The prospect of an extended tour of the country's universities, this time with the Newcastle Brown National Comedy Network, still induces a mixture of anticipation and panic, he says. "Student audiences can be unpredictable. In college it's harder than in a comedy club: students just end up in the union bar because they can't be bothered to go out. You end up with a weird mismatch of people, half of them cerebral literary types and the other half land managers or rugby boys going, "hmmm, what's all this rubbish?"

"I've been in the audience I'm now playing to, so I know what it's like to see someone's act fail. I was at this Lee Evans gig a couple of years ago. My mate told him to get off because his act was shit. His whole act just died, it was terrible."

Obsessed with comedy as a boy, Barrett started his own career doing an open mike spot while on a university exchange in Washington DC. After a long slog in London clubs and campuses honing his act, he won recognition in the Comedy Zone, a new talent showcase, and at last year's Edinburgh festival where he won the coveted Open Mike Award.

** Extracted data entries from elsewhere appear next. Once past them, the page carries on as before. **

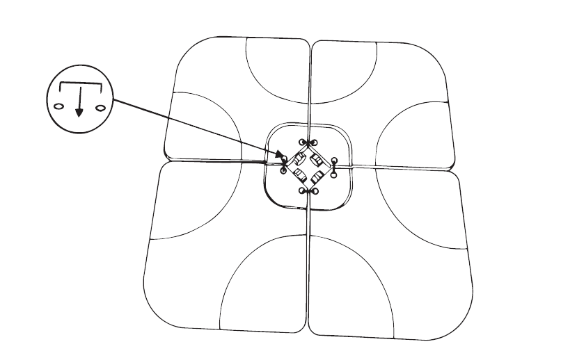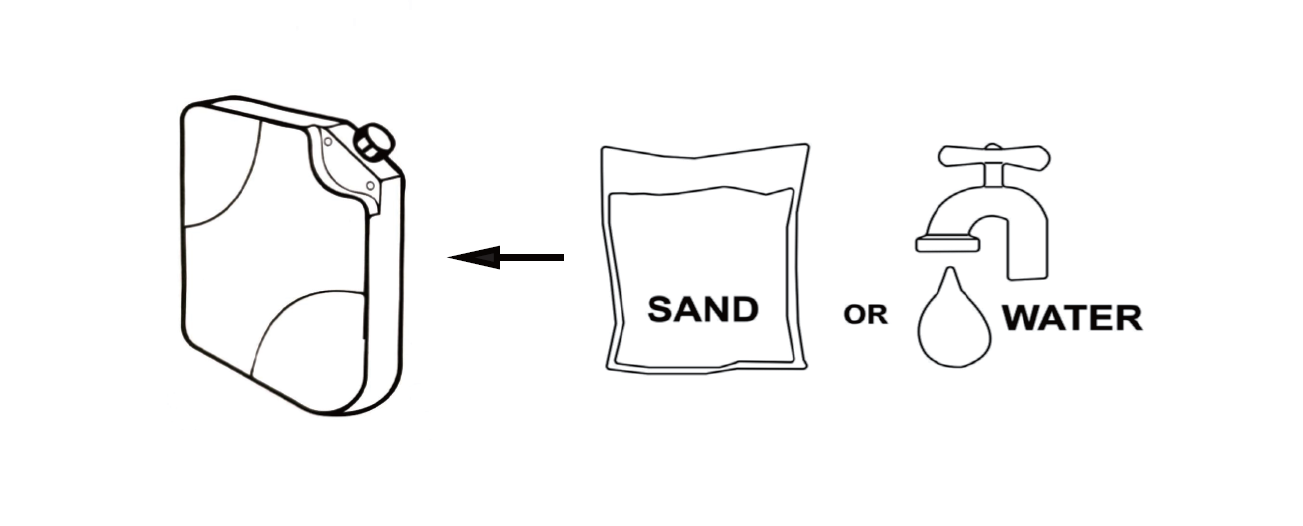 Coloque todos os quatro pesos da base no chão ao redor da localização do suporte do guarda-sol.
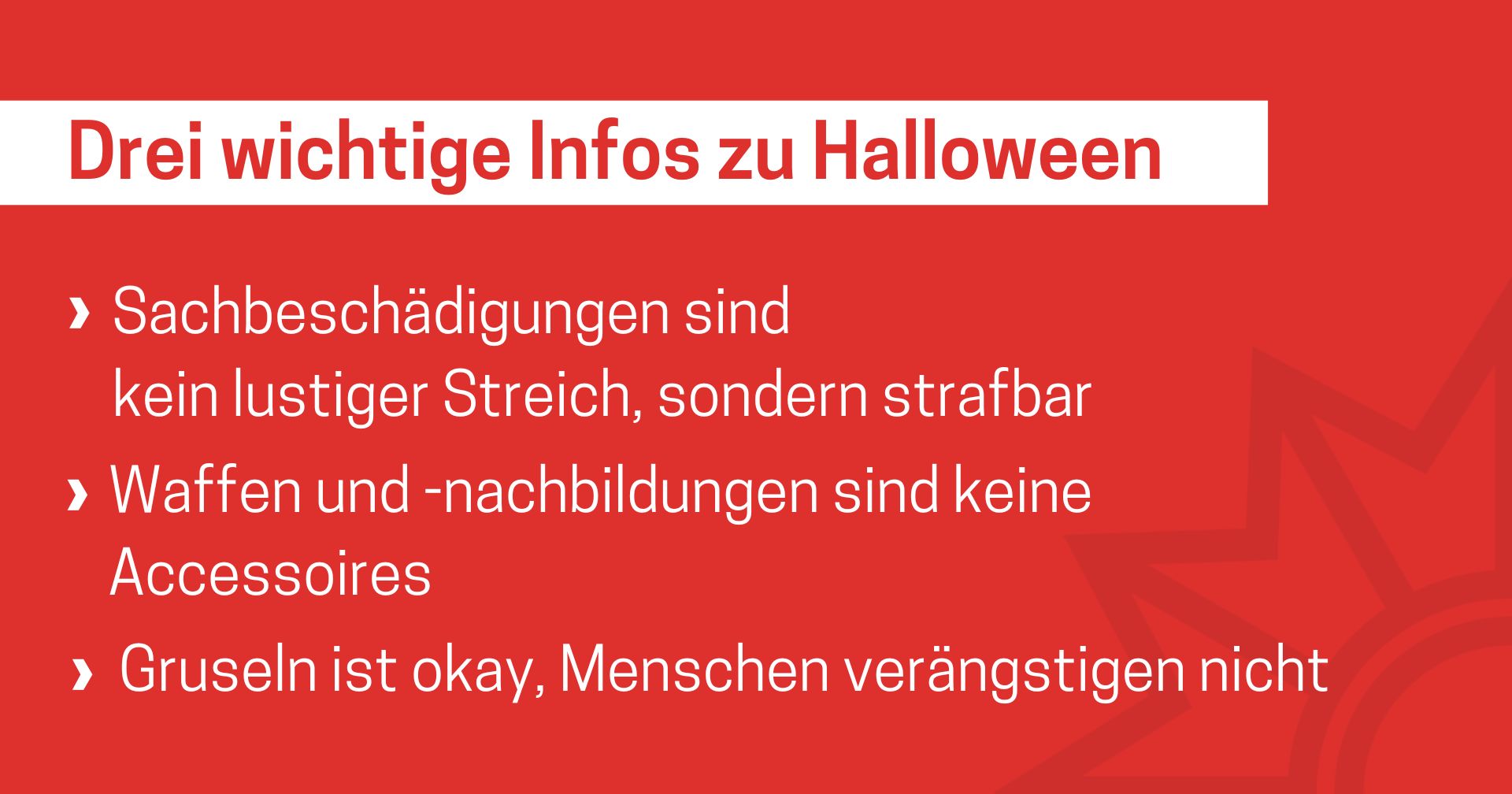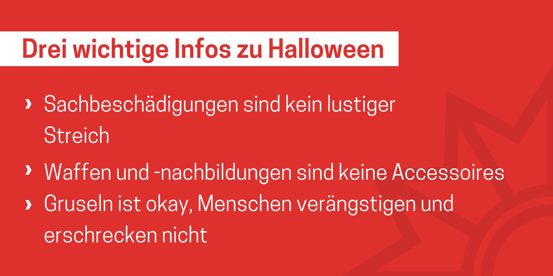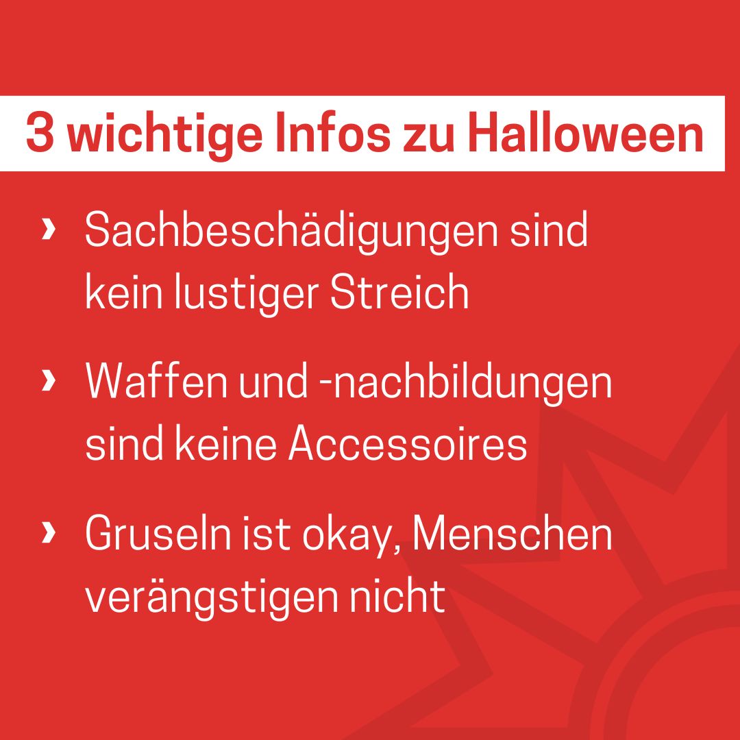 Das Medienpaket „Drei wichtige Infos zu Halloween“ ist eine thematische Zusammenstellung aus Bild- und/ oder Textpostings für die Social Media Kanäle Facebook, Instagram und X. Wir stellen Ihnen die Beiträge zur freien Verfügung bereit. Nutzen Sie diese selbst oder leiten Sie die Postings an Ihre zuständige Social Media Stelle weiter. Wie und ob Sie die Beiträge veröffentlichen, können Sie individuell entscheiden. Texte und Hashtags können Sie frei nutzen und für Ihre Anforderungen anpassen.
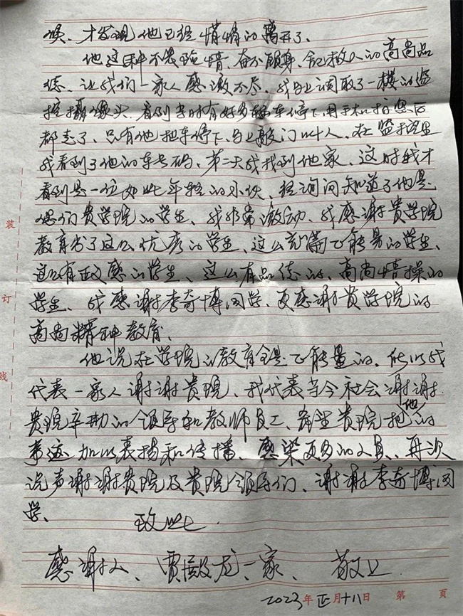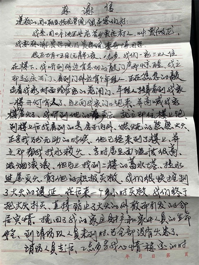 火越燒越旺,李奇博同學(xué)讓自己冷靜下來,首先將易燃易爆物品轉(zhuǎn)移,尋找身邊可以用的滅火工具,看到了二樓的蓄水罐,引水!李奇博同學(xué)急中生智,用二樓的蓄水罐,提水滅火,一趟又一趟地提水滅火。濃煙彌漫了所有人的眼和臉,大家還在奮力滅火,但火勢還是未能得到控制,慢慢的,呼吸的急促聲,咳嗽聲和劈劈啪啪的炙烤聲混成了一片,很是作響。但是李奇博和著火的那一家居民依舊沒有放棄,不停的撲火,提水,經(jīng)過長時間的奮戰(zhàn),幫賈殿龍一家撲滅了大火,之后就默默離開了。事后,賈殿龍一家通過各種途徑找到了李奇博同學(xué)表達謝意但是被他婉拒了,后來賈殿龍一家在鄰居口中得知李奇博同學(xué)是周口職業(yè)技術(shù)學(xué)院學(xué)生,并以寫感謝信的形式再次向?qū)W校、向李奇博同學(xué)表達感謝!
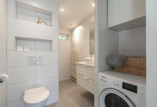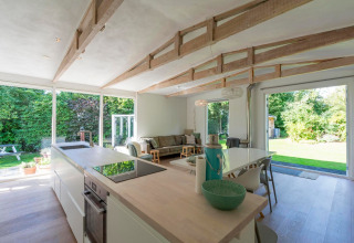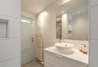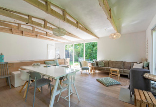 Eureka 109 is a cosy and stylish bungalow that’s made for relaxed getaways with friends. The bright living room is the heart of the house, with a comfortable sofa area around a crackling wood-burning stove – perfect for long chats, game nights, or a quiet drink after a day outside. The fully equipped kitchen has everything you need to cook together, and the spacious dining table invites long dinners and lazy breakfasts.
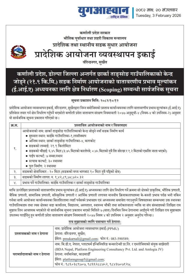 » कर्णाली प्रदेश, डोल्पा जिल्लाअन्तर्गत छार्का ताङसोंग गाउँपालिकाको केन्द्र जोड्ने सम्बन्धमा

This year has seen him wowing audiences on BBC's Stand Up Show and, along with his fellow comedian Tim Hope, confusing them with a glorious spoof techno band. Called The Pod, it pokes fun at all the pseudo-spiritual codswallop embraced by technoheads and Internet geeks. It was such a success at this year's Edinburgh Festival that a radio show and record deal are in the offing.

The act is so convincingly po-faced that some dance aficionados never got the joke and a couple of DJs even threatened physical violence.

"You get quite a lot of division in the audience," smiles the softly spoken Barrett. "Some laugh, some ask, 'what is this?', others dance away absolutely oblivious to it all."

Watch out dance fans - the last laugh may be on you.